You want to take care of your family to the best of your ability. With proper planning, you can continue to care for them even after your time on Earth has passed.
Estate planning can be a tricky and difficult process. If you’re taking smart steps toward securing your inheritance, you’ve probably asked yourself, “Do I need a living trust?”
Here are a few things you need to know about living trusts.
The Basics: Do I Need a Living Trust?
To decide whether or not you should establish a living trust, you first need to understand what it is.
In its most simple definition, a living trust is a trust that becomes effective while the grantor is still alive. Meaning, you have more benefits from a trust while you’re alive than you would receive from a will.
A will appoints an executor to manage your affairs after you die. A living trust appoints someone to manage your property and assets if the grantor becomes incapacitated. This offers you a level of comfort and security that a will does not.
It is wise to prepare for the event that your mental health might incapacitate you before your life ends.
In short, if you have any assets, property, or savings you want to manage responsibly then you should consider establishing a living trust.
You Can Avoid Probate
One of the most obvious benefits of establishing a living trust is that when you die your assets won’t be held up in probate court for months at a time.

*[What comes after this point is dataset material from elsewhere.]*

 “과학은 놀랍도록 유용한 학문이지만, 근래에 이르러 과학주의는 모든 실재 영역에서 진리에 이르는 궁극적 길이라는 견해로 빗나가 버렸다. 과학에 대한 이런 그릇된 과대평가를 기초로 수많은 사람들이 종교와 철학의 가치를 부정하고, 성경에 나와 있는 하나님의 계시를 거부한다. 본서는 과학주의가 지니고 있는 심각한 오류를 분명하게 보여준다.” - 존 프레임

With a will, the probate court will take months to distribute your assets via your executor.
If you have a living trust, whoever you appoint will pay your debts and then distribute your assets. Your heirs will deeply appreciate your expediency and the avoided court bills.

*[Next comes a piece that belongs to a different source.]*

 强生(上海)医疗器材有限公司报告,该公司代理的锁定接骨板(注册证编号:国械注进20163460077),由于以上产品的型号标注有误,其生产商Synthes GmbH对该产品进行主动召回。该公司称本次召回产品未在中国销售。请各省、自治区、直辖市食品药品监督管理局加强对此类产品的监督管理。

You Can Retain Some Privacy
In probate court, the details of your estate can be made public. With a living trust, your possessions will be distributed privately.
In the event that you have out-of-state property to be dealt with, a living trust will avoid added legal processes. With a will, the out-of-state property has to go through a separate lengthy probate process in that state. A living trust avoids this expensive, time-consuming, and exposing process.
Many people are able to retire with smart real estate investing. But if you don’t think carefully about your property, it can become a hassle for your heirs when you pass away.
You Can Ensure Security
If you fall ill or are mentally incapacitated for whatever reason, you want everything you’ve worked hard for to be protected.
If you’re asking yourself, “Do I need a living trust?” then you are wisely planning for the future. The only way to truly secure your heir’s inheritance and take care of your family with the least amount of hassle is to consider a living trust.
Just like you wouldn’t complete your own health assessment, be weary of a do it yourself living trust. Both wills and trusts are important legal documents so seek legal counsel when drafting them.
To take care of your family for decades after you’re gone, consider the benefits of a living trust. Your family will remember you fondly for your considerate dedication to their well being.